• **Work required**
The records that follow are to be reproduced exactly. Any pictures in them are left out.

• **Records**
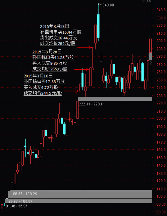 注意看,孙国栋在3月16日、20日的买入成本分别为244.5元/股、265元/股,而卖出时为280元/股,赚钱实在太容易了。
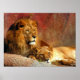 Belle scène où se trouvent des lions mâles et femelles se reposant ensemble.
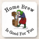 A fun design for home beer brewers with a colourful medieval tapster pouring himself a pitcher of ale from his two kegs framed by the text "Home Brew Is Good For Your".
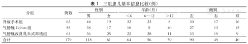 179例患儿,男118例,女61例。年龄1个月至10岁3个月。按采用手术方法的不同分为三组。
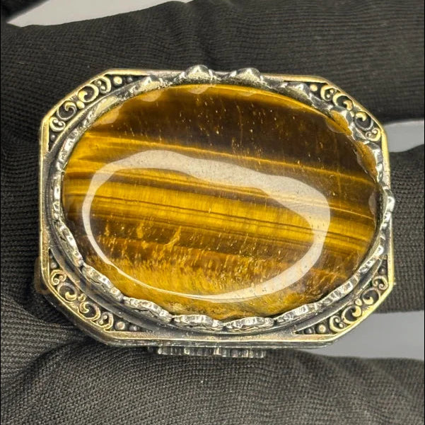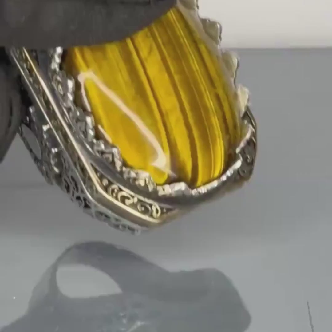 Au centre, la pierre naturelle d'Œil-de-Tigre captive le regard. Ses reflets bruns et dorés sont célèbres pour symboliser la protection, la confiance et le courage. Le sertissage complexe intègre subtilement des accents de bronze (la partie jaune) qui enrichissent la structure filigranée, offrant un contraste majestueux avec l'argent.
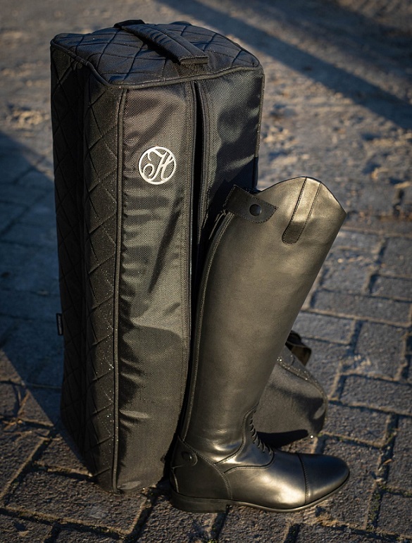 Шикарная сумка для сапог из блестящей ткани. Оснащена двумя раздельными отделениями с молниями для ваших сапог и съемным регулируемым плечевым ремнем. Высота: 66 см Длина: 39 см
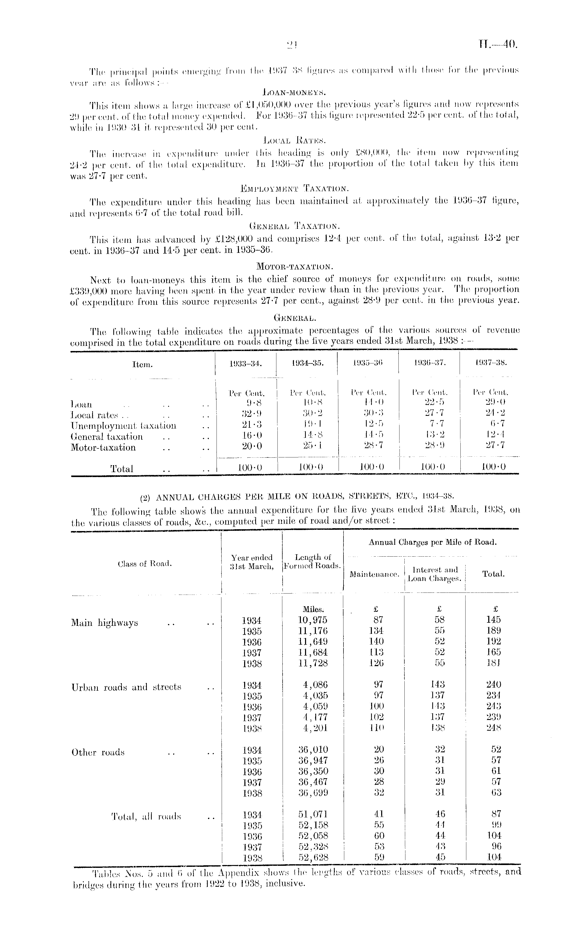 (2) ANNUAL CHARGES PER MILE ON ROADS, STREETS, ETC., 1934-38. The following table show's the annual expenditure for the live years ended 31st March, 1938, on the various classes of roads, &c., computed per mile of road and/or street
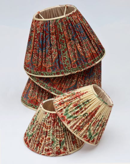 Lampmaking is an art form, pure and simple. Artist Olivia Hayward creates painted and handsewn lampshades one by one from her studio in the UK. Pair them with the base of your choice.
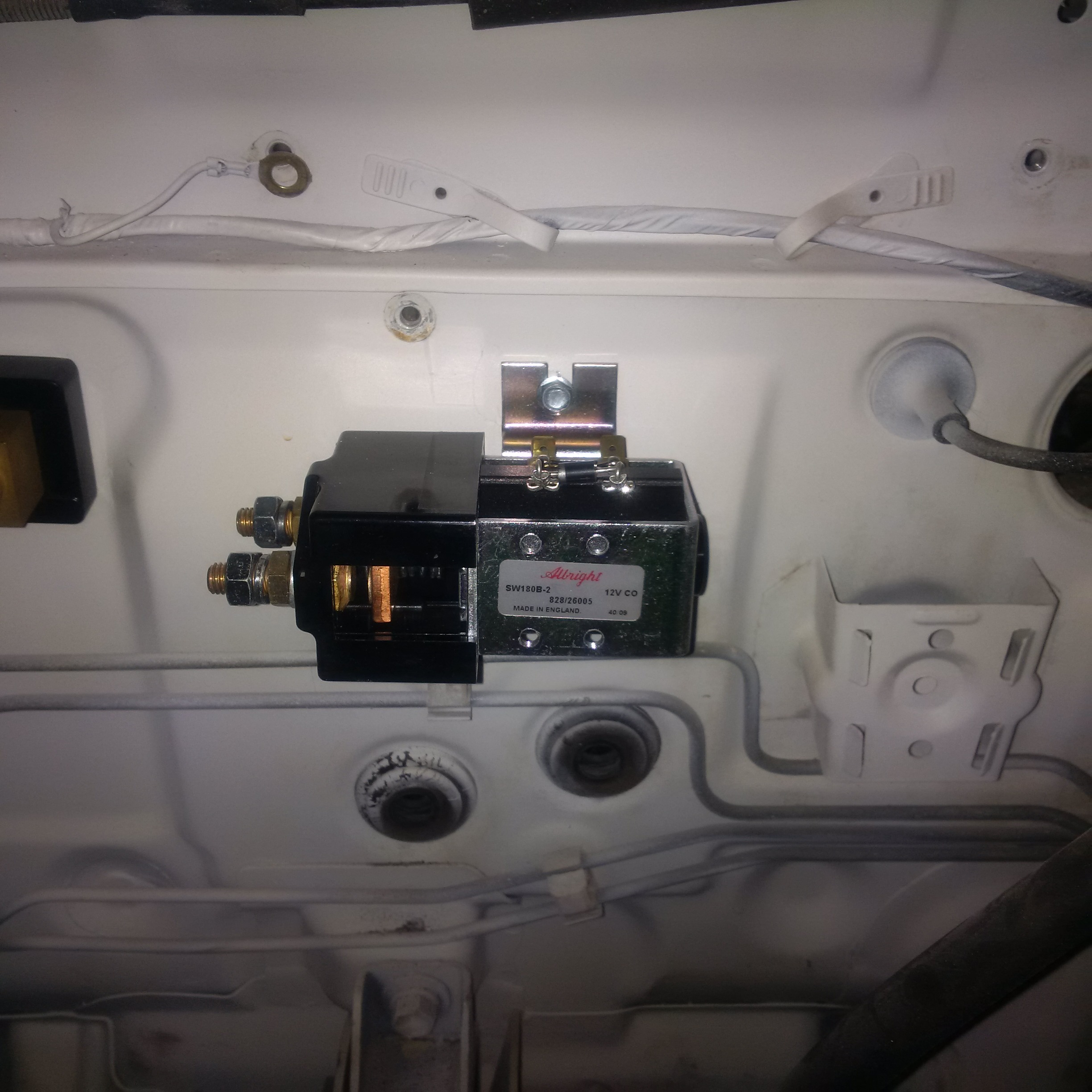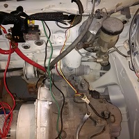 More electrical work done March 16, 2016 with the gauges working, the contactor going through the switched 12v key power and the reverse lights are working. The wiring for the reverse lights switch was thrown out with the ECM harness so I went to the wrecker to grab the two wires (red/yellow) I needed and the connector while trimming off all the ICE (internal combustion engine) wiring. Also fixed the broken horn with a replacement from the wrecker and got the other marker light pigtail I needed for the front.
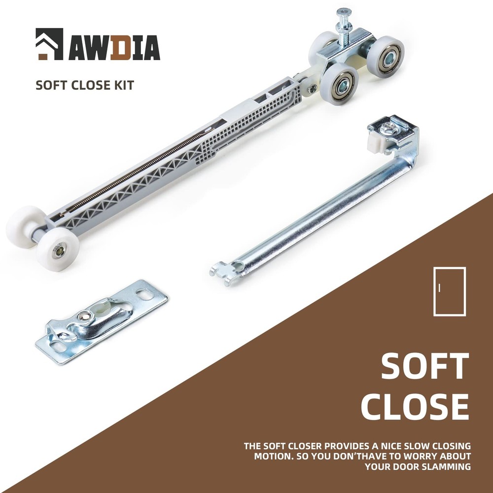 AWDIA Soft Close Pocket Door Hardware, 3-Wheel Soft Close Hangers with Stainless Steel Bearings for Sliding Pocket Door Frame Kit, single direction soft-close Pocket Door Soft Close Kit is for Single Direction Hidden Sliding Door Hardware Operation. Pocket Door Kit is Durable for 200lbs [91kg] Max Door Weight. Soft Close is Fit for 2x4 Or 2x6 Interior Wall Construction. Soft Close Pocket Door Hardware is Compatible for 1500, 1560, 1562, 2710 Series Pocket Door Frame. Package Include Actuator Arm *1, Soft Close Assembly *1, 3-Wheel Ball Bearing Hanger *1, Hanger Plate *1, Adjustment Wrench *1, Mounting Screws. If You Want to Creat 3-Wheel Ball Bearing Soft Close and Soft Open Pocket Door System, Please Add Quantity 2 on the Cart to Check Out.
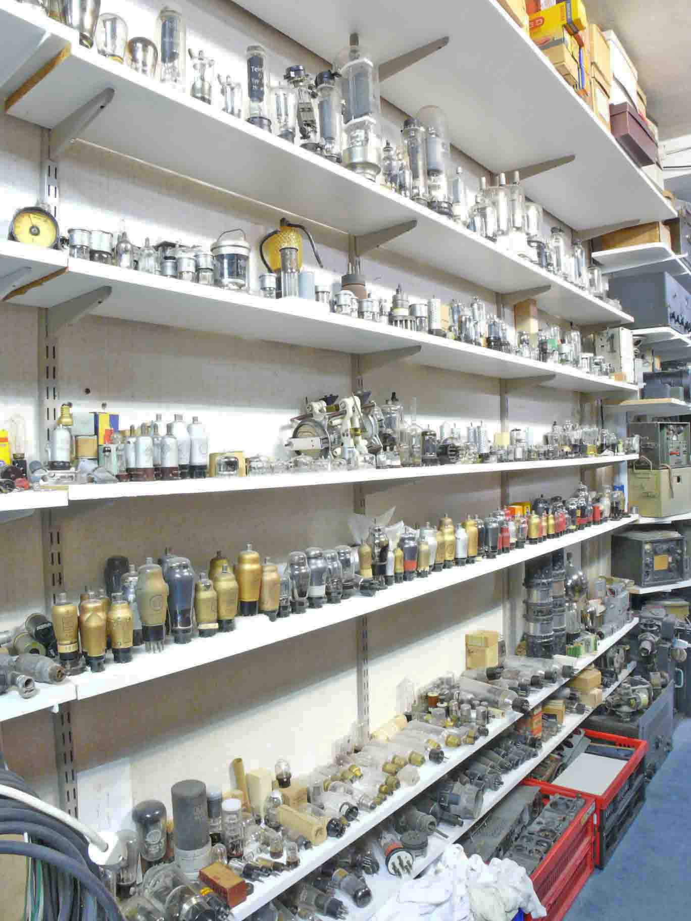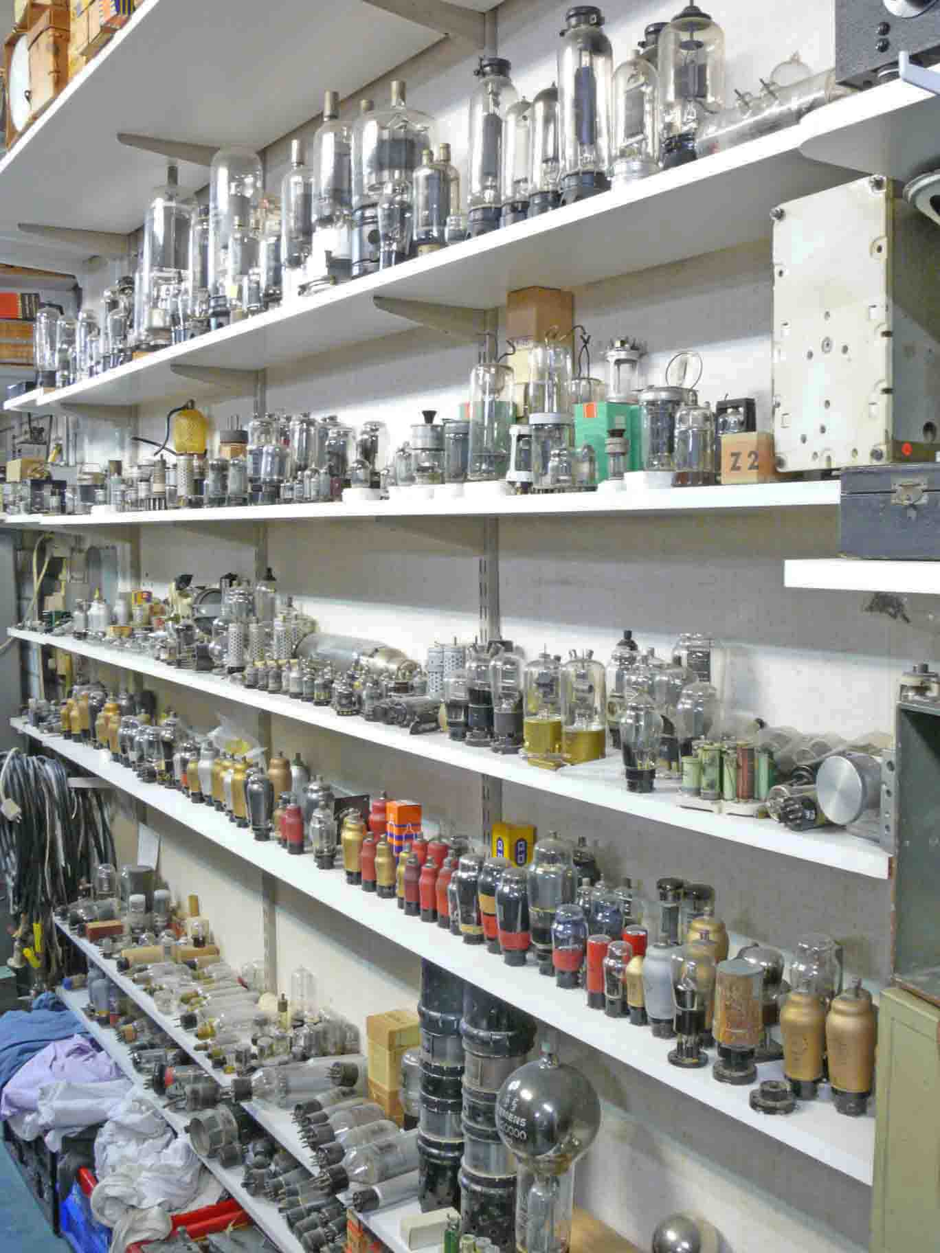 Our valve collection seen from an opposite perspective. The white ceramic box on shelve number 5 is the LO (local oscillator) belonging to FuSE62A (Würzburg type A). On our introduction page its internal structure is shown (photo on top on the right-hand side).

• **Your response**
 注意看,孙国栋在3月16日、20日的买入成本分别为244.5元/股、265元/股,而卖出时为280元/股,赚钱实在太容易了。
 Belle scène où se trouvent des lions mâles et femelles se reposant ensemble.
 A fun design for home beer brewers with a colourful medieval tapster pouring himself a pitcher of ale from his two kegs framed by the text "Home Brew Is Good For Your".
 179例患儿,男118例,女61例。年龄1个月至10岁3个月。按采用手术方法的不同分为三组。
 Au centre, la pierre naturelle d'Œil-de-Tigre captive le regard. Ses reflets bruns et dorés sont célèbres pour symboliser la protection, la confiance et le courage. Le sertissage complexe intègre subtilement des accents de bronze (la partie jaune) qui enrichissent la structure filigranée, offrant un contraste majestueux avec l'argent.
 Шикарная сумка для сапог из блестящей ткани. Оснащена двумя раздельными отделениями с молниями для ваших сапог и съемным регулируемым плечевым ремнем. Высота: 66 см Длина: 39 см
 (2) ANNUAL CHARGES PER MILE ON ROADS, STREETS, ETC., 1934-38. The following table show's the annual expenditure for the live years ended 31st March, 1938, on the various classes of roads, &c., computed per mile of road and/or street
 Lampmaking is an art form, pure and simple. Artist Olivia Hayward creates painted and handsewn lampshades one by one from her studio in the UK. Pair them with the base of your choice.
 More electrical work done March 16, 2016 with the gauges working, the contactor going through the switched 12v key power and the reverse lights are working. The wiring for the reverse lights switch was thrown out with the ECM harness so I went to the wrecker to grab the two wires (red/yellow) I needed and the connector while trimming off all the ICE (internal combustion engine) wiring. Also fixed the broken horn with a replacement from the wrecker and got the other marker light pigtail I needed for the front.
 AWDIA Soft Close Pocket Door Hardware, 3-Wheel Soft Close Hangers with Stainless Steel Bearings for Sliding Pocket Door Frame Kit, single direction soft-close Pocket Door Soft Close Kit is for Single Direction Hidden Sliding Door Hardware Operation. Pocket Door Kit is Durable for 200lbs [91kg] Max Door Weight. Soft Close is Fit for 2x4 Or 2x6 Interior Wall Construction. Soft Close Pocket Door Hardware is Compatible for 1500, 1560, 1562, 2710 Series Pocket Door Frame. Package Include Actuator Arm *1, Soft Close Assembly *1, 3-Wheel Ball Bearing Hanger *1, Hanger Plate *1, Adjustment Wrench *1, Mounting Screws. If You Want to Creat 3-Wheel Ball Bearing Soft Close and Soft Open Pocket Door System, Please Add Quantity 2 on the Cart to Check Out.
 Our valve collection seen from an opposite perspective. The white ceramic box on shelve number 5 is the LO (local oscillator) belonging to FuSE62A (Würzburg type A). On our introduction page its internal structure is shown (photo on top on the right-hand side).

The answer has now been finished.